> [TASK STATEMENT]: Among the lines below, output only those between the line holding "Be the first" and the line holding "To secure the", inclusive, exactly as written and with no pictures.

> [DATA FOR ANALYSIS]:
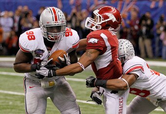 No Huddle- The no huddle offensive game plan was a thing of beauty. I had to rub my eyes a few times to convince myself that it was still Jim Tressel on the sideline. Not only did it catch Arkansas off guard but it was also highly successful in the first half. Whatever plodding and methodical offense that the Hogs viewed on tape for the last month was light years away from they saw on Tuesday. Terrelle Pryor found open receivers all over the field which in turn opened scrambling lanes and huge holes for Boom to run through. The new wrinkle was responsible for 28 points in the first half which was more points scored than any other OSU squad in an entire Sugar Bowl. I am not sure OSU has the personnel, or coach for that matter, to run this type of offense more than once in a blue moon but it worked wonders on this night.
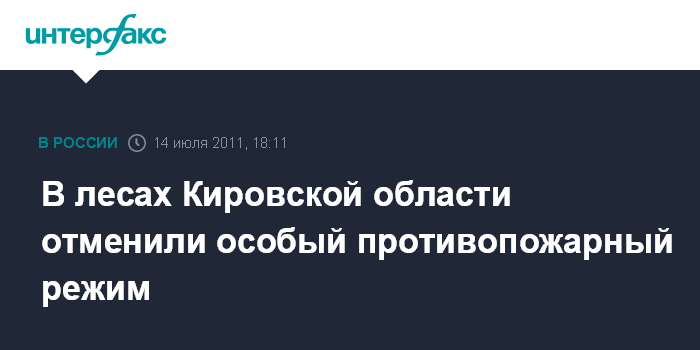 Киров. 14 июля. INTERFAX.RU - Губернатор Кировской области Никита Белых подписал постановление об отмене особого противопожарного режима на территории региона.
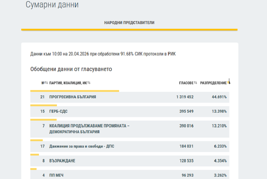 ЦИК публикува на сайта си нови междинни резултати при обработени 91.68% протоколи. Данните са към 10 часа тази сутрин.
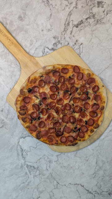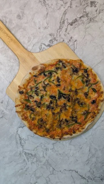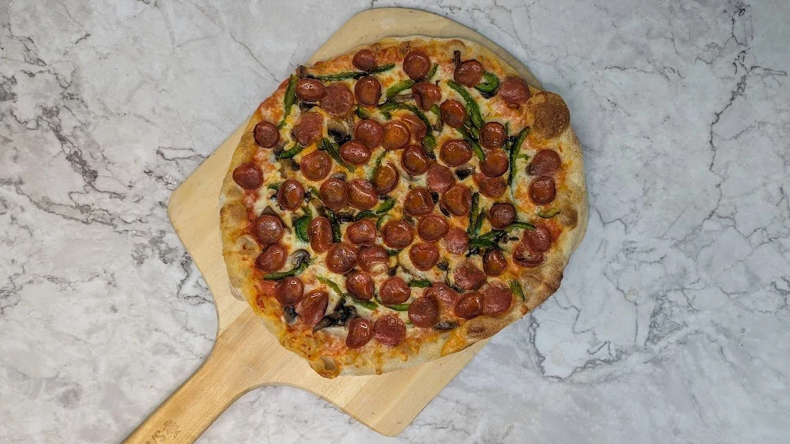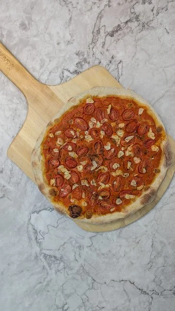 Marinara, mozzarella, champignons, poivrons verts, pepperoni
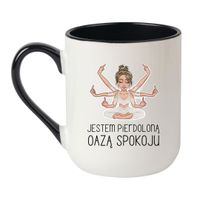 Niektórzy chodzą na jogę, niektórzy piją melisę, a Ty? Ty po prostu jesteś. Pieroloną oazą spokoju – bez filtrów, bez lukru, za to z pełnym arsenałem cierpliwości i... środkowego palca. Ten kubek z mocnym napisem i grafiką kobiety-bogini zen to perfekcyjna broń przeciwko codziennemu chaosowi. No i świetny śmieszny prezent z wulgarnym napisem dla kobiet z dystansem.
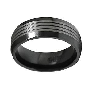 Black Ebony Wood Inlay Men S Beveled Ring In Black Ceramic
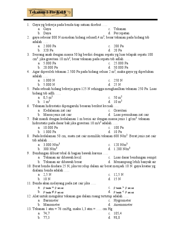 Soal pilihan ganda tekanan kelas 8 kurikulum 2013. Contoh Soal Fisika Zat Cair from kumpulanilmupopuler83. Inilah pembahasan lengkap terkait contoh soal tekanan zat cair kelas 8.
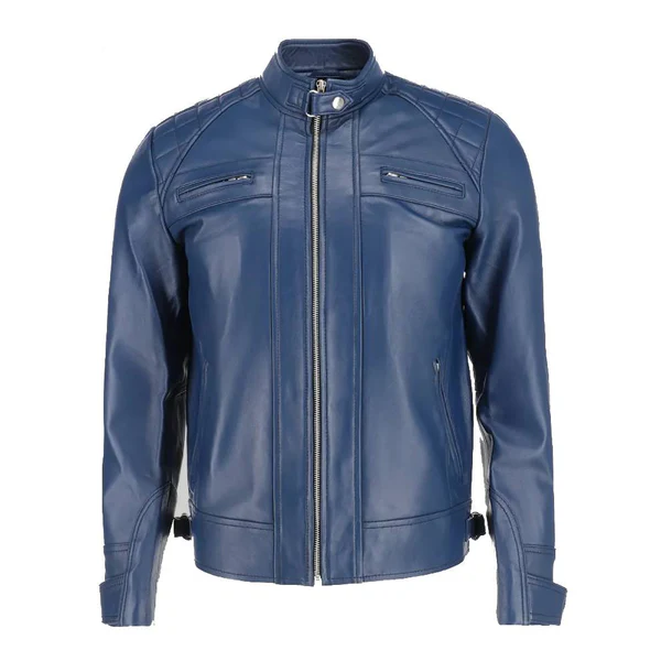 Be the first to review “Men’s Blue Cafe Racer Leather Jacket”
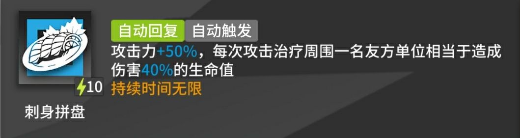 专三数据:攻击力+60%,每次攻击治疗周围一名友方单位相当于造成伤害的50%的生命值,持续时间无限,消耗技力8(可治疗到的范围是以自身为中心的九格)
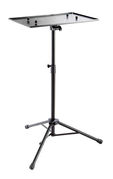 To secure the laptop, the clamping bolts are pressed on the laptop using wing nuts. The height of the stand can be adjusted variably.
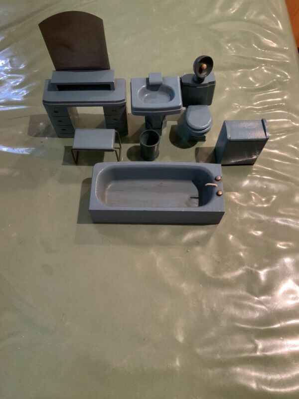 Title (ebay affiliate link): Vintage 8 Piece Dollhouse Bathroom Furniture From Marshall Field & Co. 1941
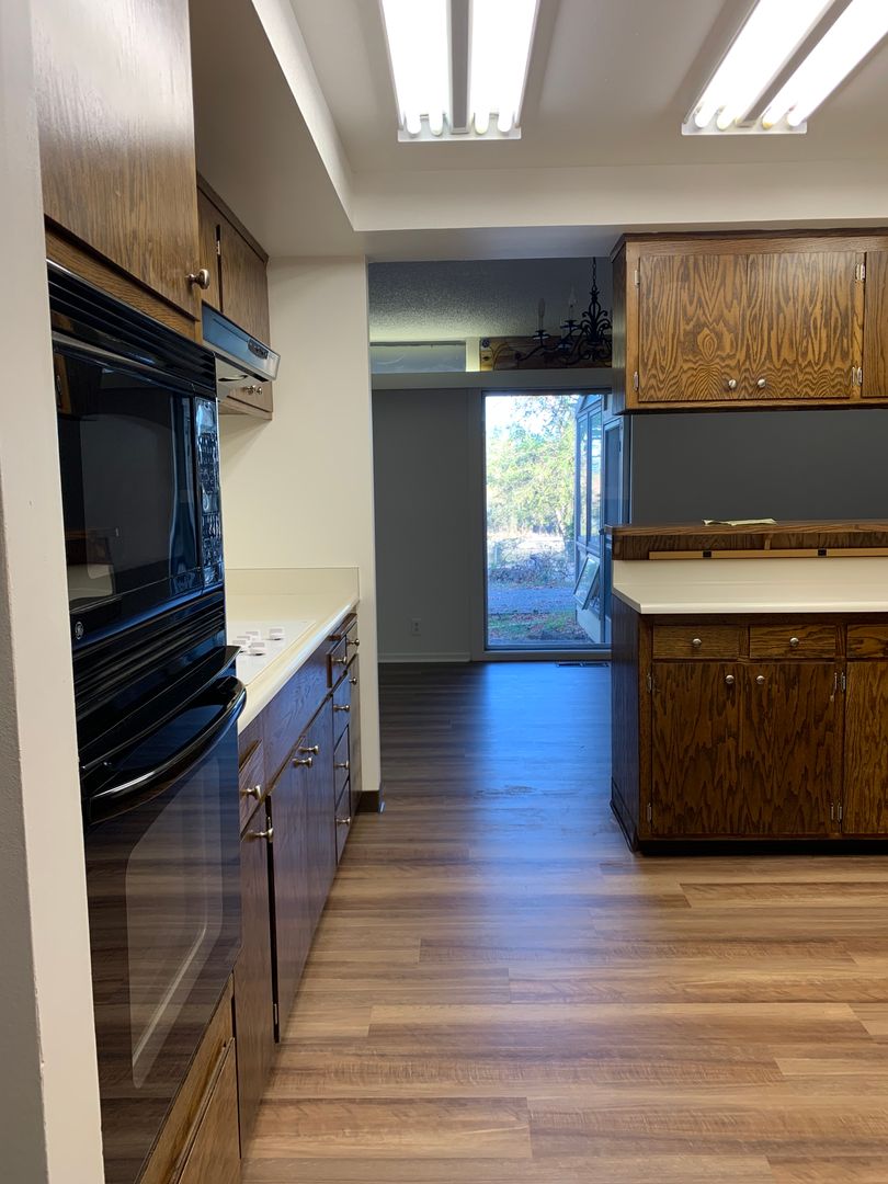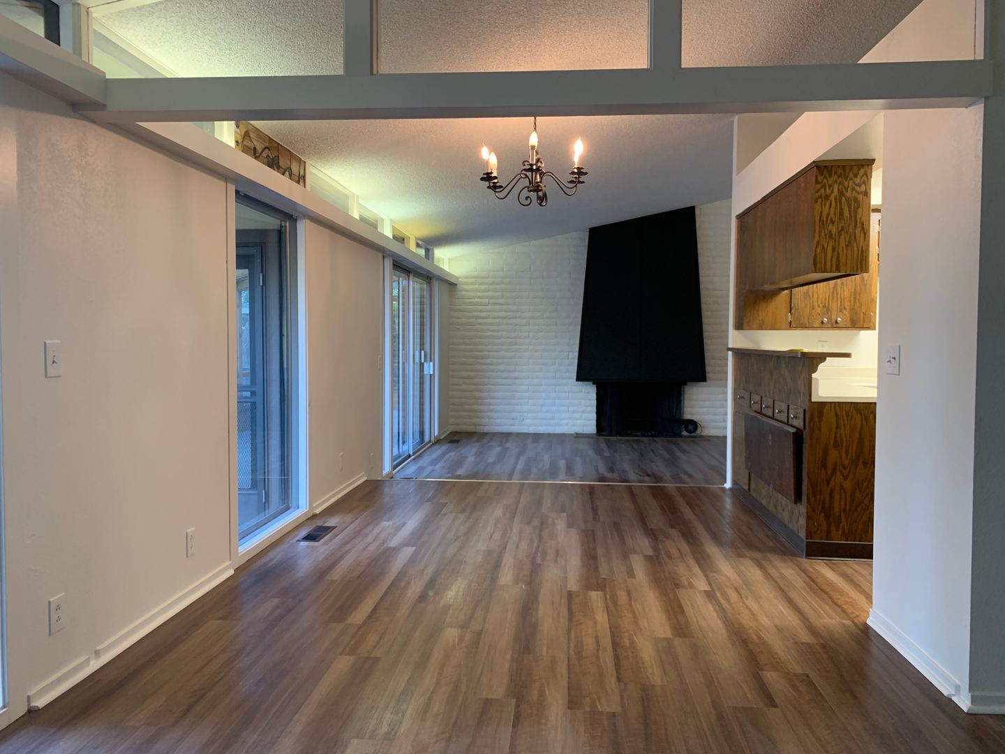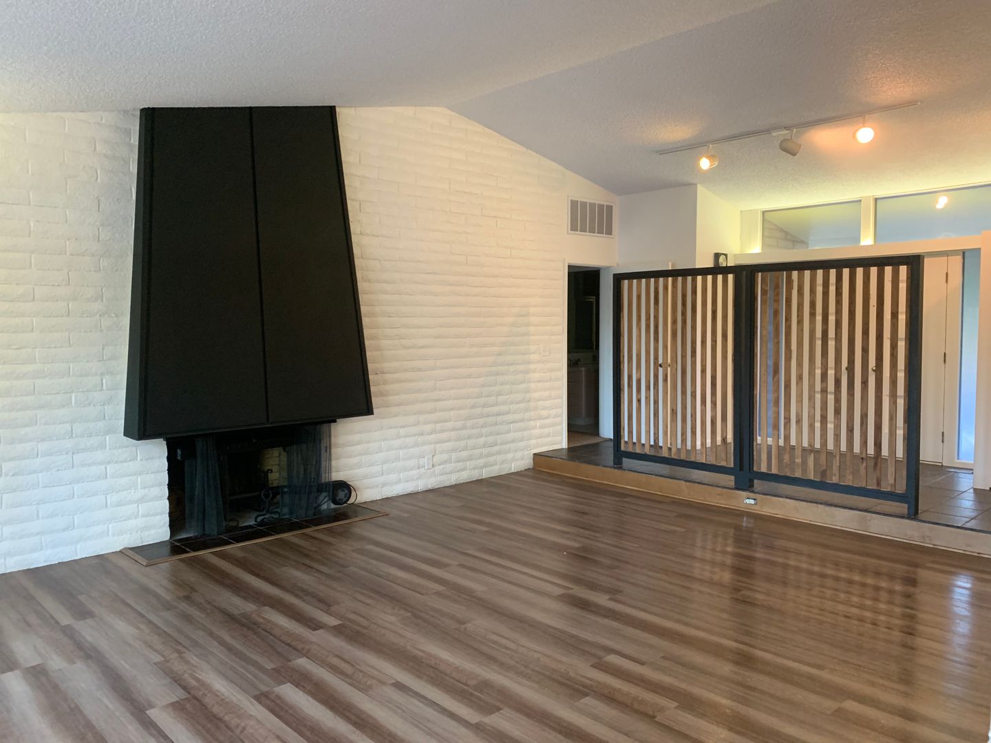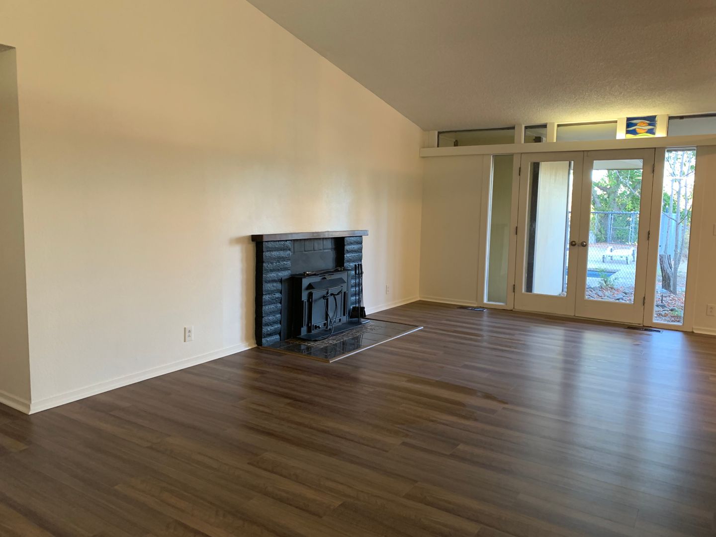 A separate family room provides additional living space, complete with a second wood-burning fireplace and French doors leading out to the patio, pool, and backyard. The kitchen features timeless wood cabinetry and comes equipped with a glass cooktop, oven, microwave, and dishwasher. Refrigerator provided as needed. A dedicated dining area with chandelier sits just off the kitchen.
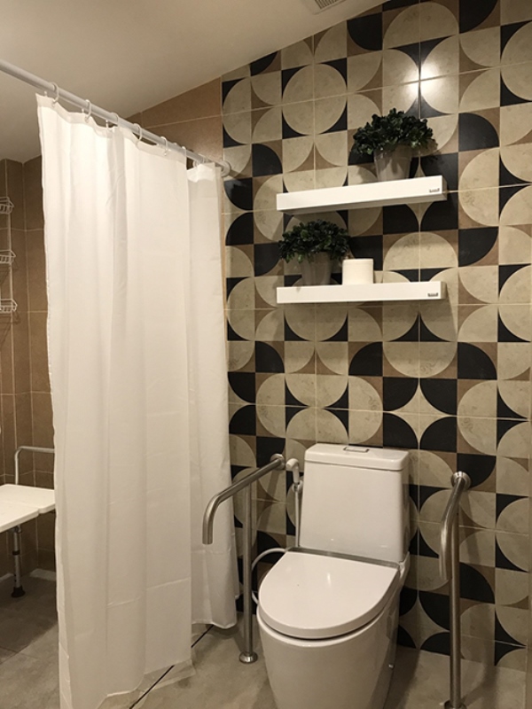 ภายในห้องน้ำเลือกใช้สุขภัณฑ์ที่เหมาะกับผู้ใช้งานบนวิลแชร์ และติดตั้งในระดับความสูงที่รองรับวิลแชร์ อาทิ เก้าอี้นั่งอาบน้ำที่เปิดข้างหนึ่ง ติดตั้งราวจับเพิ่มความปลอดภัย รวมทั้งระบบเตือนภัยฉุกเฉินไว้ในกรณีที่ผู้สูงอายุเกิดอุบัติเหตุคนในบ้านจะได้เข้าช่วยได้ในทันที

> [COMPLETED TASK]:
 Be the first to review “Men’s Blue Cafe Racer Leather Jacket”
 专三数据:攻击力+60%,每次攻击治疗周围一名友方单位相当于造成伤害的50%的生命值,持续时间无限,消耗技力8(可治疗到的范围是以自身为中心的九格)
 To secure the laptop, the clamping bolts are pressed on the laptop using wing nuts. The height of the stand can be adjusted variably.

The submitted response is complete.